Extracted information:
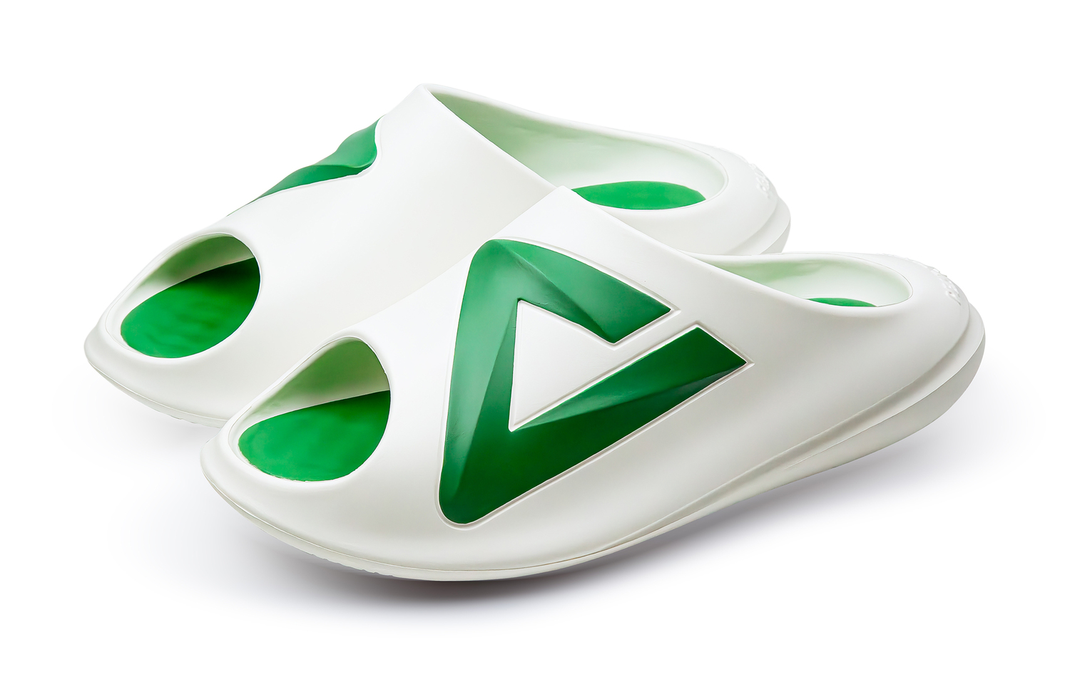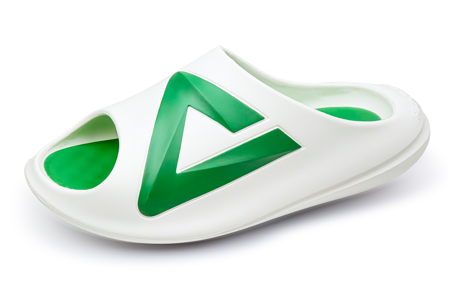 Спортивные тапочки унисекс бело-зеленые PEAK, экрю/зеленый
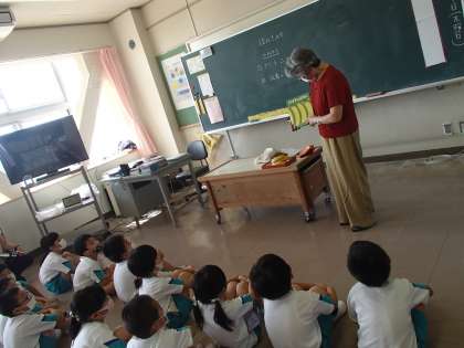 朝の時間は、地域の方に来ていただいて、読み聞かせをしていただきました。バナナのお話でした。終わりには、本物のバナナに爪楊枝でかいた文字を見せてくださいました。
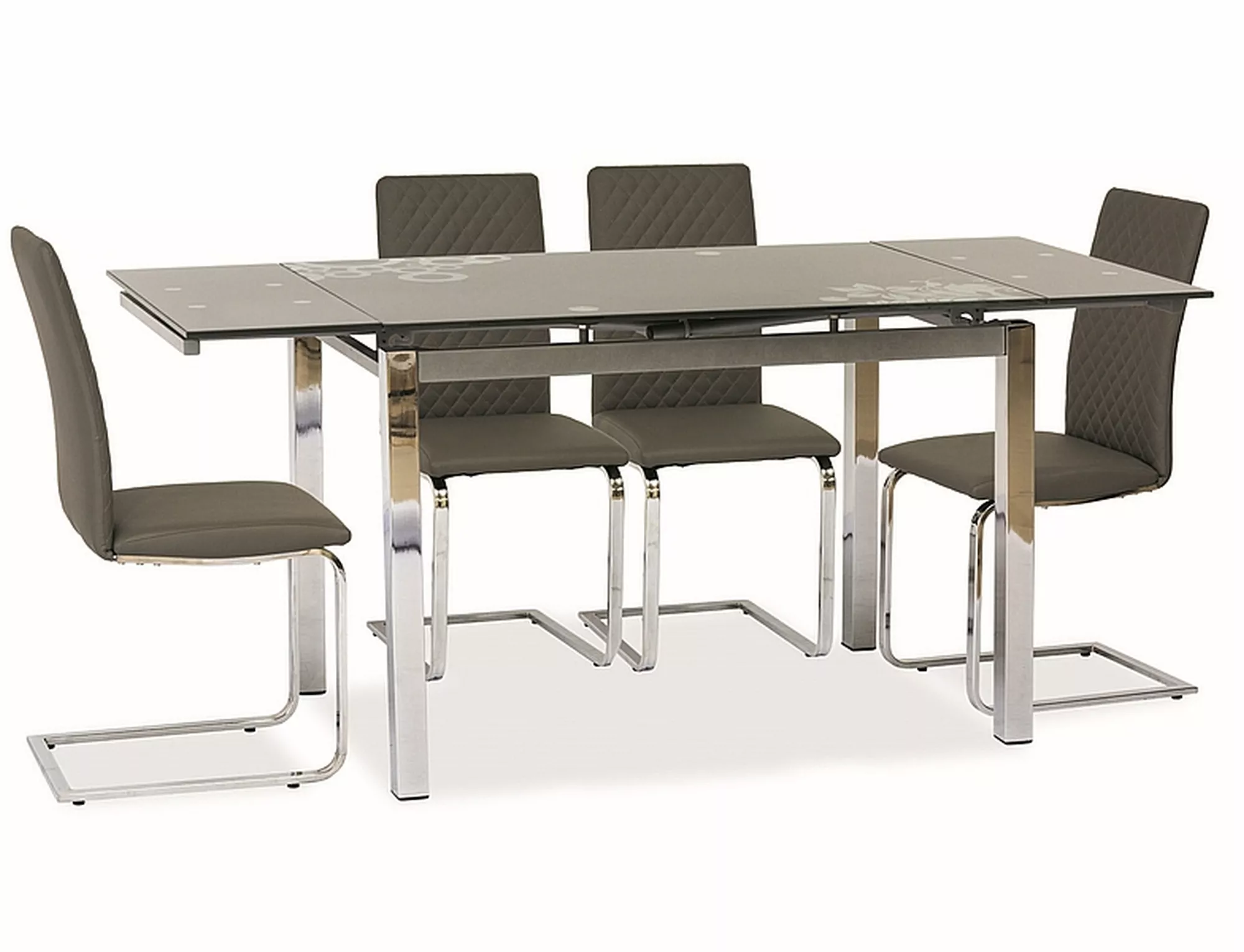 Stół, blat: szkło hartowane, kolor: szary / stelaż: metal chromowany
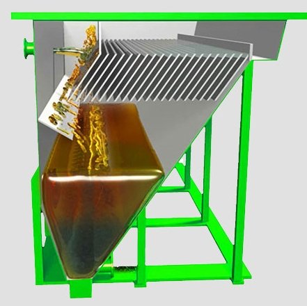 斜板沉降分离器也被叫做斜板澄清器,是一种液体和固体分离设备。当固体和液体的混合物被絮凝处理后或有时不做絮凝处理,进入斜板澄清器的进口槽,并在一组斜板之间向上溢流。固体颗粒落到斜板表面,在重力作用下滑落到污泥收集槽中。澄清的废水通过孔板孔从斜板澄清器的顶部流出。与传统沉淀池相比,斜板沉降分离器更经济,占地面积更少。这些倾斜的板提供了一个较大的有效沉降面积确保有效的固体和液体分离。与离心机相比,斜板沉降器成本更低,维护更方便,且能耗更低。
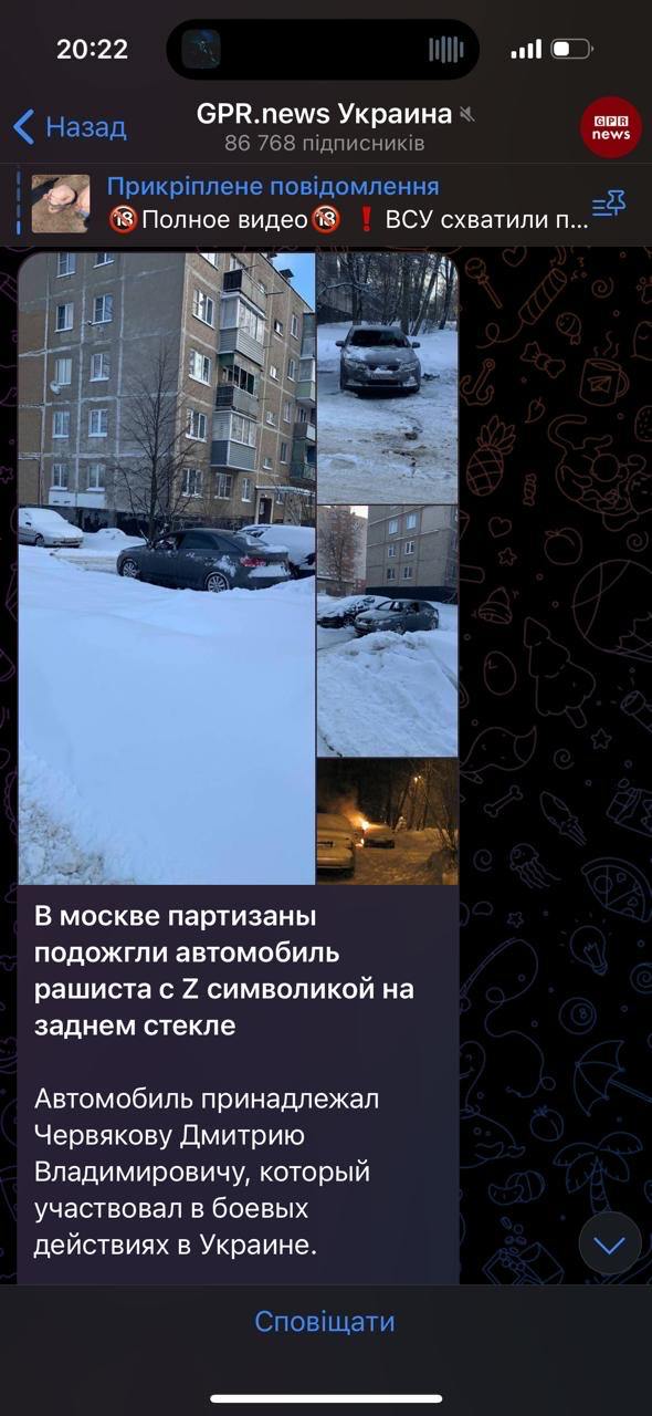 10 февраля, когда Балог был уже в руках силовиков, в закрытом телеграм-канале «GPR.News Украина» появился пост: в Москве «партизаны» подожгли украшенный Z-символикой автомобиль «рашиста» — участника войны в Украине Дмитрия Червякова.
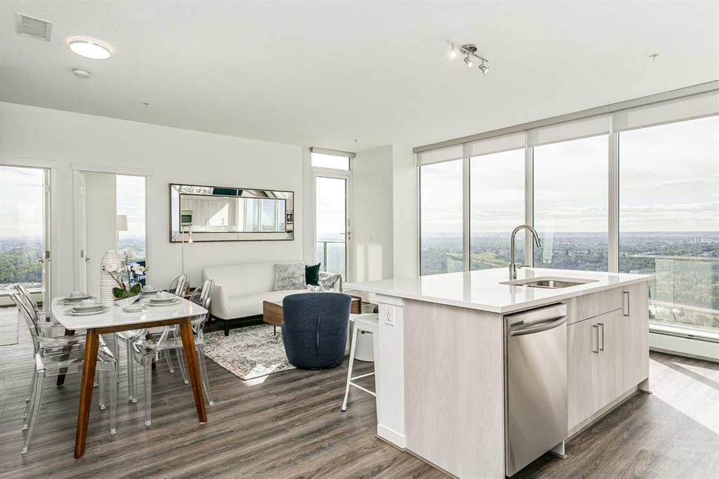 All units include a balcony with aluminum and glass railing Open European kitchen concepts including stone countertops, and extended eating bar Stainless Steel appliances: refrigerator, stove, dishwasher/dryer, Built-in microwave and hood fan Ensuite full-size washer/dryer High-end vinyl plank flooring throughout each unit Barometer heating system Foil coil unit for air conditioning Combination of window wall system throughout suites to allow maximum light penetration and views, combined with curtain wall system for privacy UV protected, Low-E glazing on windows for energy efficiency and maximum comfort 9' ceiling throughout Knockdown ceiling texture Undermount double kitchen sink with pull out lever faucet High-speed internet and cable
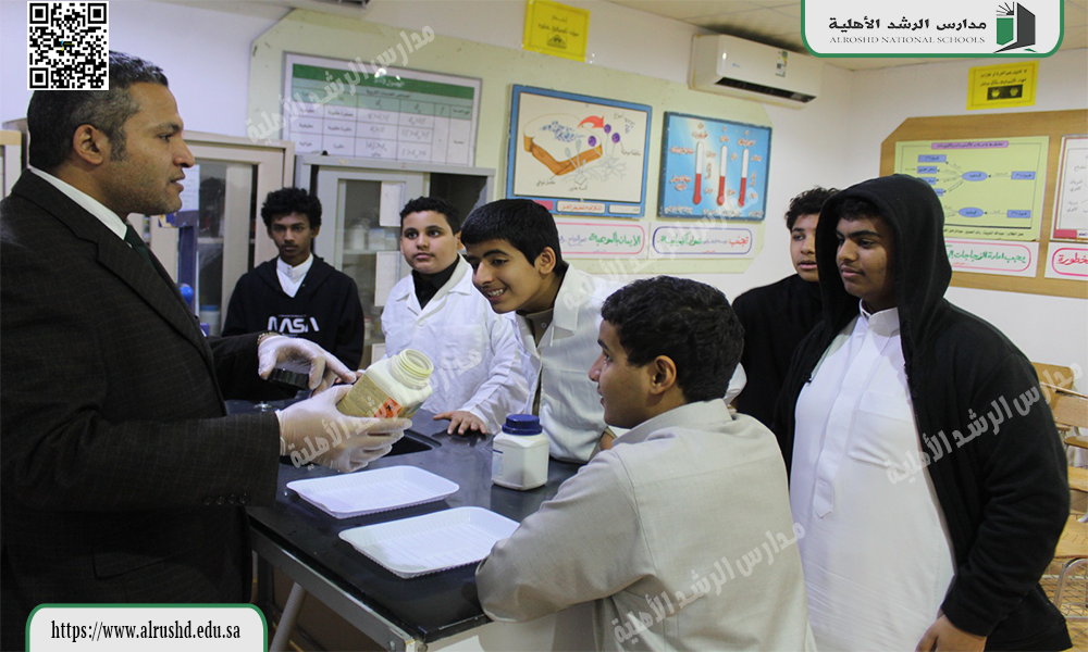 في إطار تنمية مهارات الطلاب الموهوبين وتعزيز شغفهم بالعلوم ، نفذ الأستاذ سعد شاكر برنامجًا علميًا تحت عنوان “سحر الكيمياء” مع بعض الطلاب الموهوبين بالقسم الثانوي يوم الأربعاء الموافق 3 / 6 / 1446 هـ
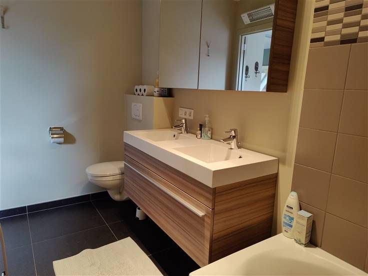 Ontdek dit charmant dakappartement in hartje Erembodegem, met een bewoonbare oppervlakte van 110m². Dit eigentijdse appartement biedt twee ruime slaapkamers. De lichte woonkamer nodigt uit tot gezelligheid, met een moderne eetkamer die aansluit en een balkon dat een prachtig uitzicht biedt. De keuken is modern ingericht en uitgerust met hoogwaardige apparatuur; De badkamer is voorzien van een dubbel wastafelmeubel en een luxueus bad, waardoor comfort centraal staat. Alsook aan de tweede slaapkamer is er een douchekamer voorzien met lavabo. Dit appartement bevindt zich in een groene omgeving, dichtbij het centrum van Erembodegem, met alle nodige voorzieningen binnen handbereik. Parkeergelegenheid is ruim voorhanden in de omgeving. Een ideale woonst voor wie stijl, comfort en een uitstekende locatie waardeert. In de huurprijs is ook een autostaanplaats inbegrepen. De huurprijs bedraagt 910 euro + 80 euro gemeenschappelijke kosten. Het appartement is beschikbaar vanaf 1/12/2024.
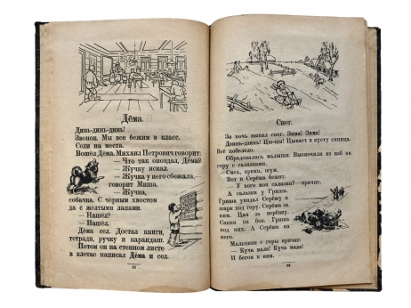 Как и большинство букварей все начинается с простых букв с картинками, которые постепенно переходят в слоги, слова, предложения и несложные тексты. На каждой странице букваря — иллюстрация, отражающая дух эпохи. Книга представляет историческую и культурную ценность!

Goal of the exercise:
The reply should hold an exact repeat of the entries from their opening line through the line with "10 февраля, когда", and no pictures at all.

Response to the task:
 Спортивные тапочки унисекс бело-зеленые PEAK, экрю/зеленый
 朝の時間は、地域の方に来ていただいて、読み聞かせをしていただきました。バナナのお話でした。終わりには、本物のバナナに爪楊枝でかいた文字を見せてくださいました。
 Stół, blat: szkło hartowane, kolor: szary / stelaż: metal chromowany
 斜板沉降分离器也被叫做斜板澄清器,是一种液体和固体分离设备。当固体和液体的混合物被絮凝处理后或有时不做絮凝处理,进入斜板澄清器的进口槽,并在一组斜板之间向上溢流。固体颗粒落到斜板表面,在重力作用下滑落到污泥收集槽中。澄清的废水通过孔板孔从斜板澄清器的顶部流出。与传统沉淀池相比,斜板沉降分离器更经济,占地面积更少。这些倾斜的板提供了一个较大的有效沉降面积确保有效的固体和液体分离。与离心机相比,斜板沉降器成本更低,维护更方便,且能耗更低。
 10 февраля, когда Балог был уже в руках силовиков, в закрытом телеграм-канале «GPR.News Украина» появился пост: в Москве «партизаны» подожгли украшенный Z-символикой автомобиль «рашиста» — участника войны в Украине Дмитрия Червякова.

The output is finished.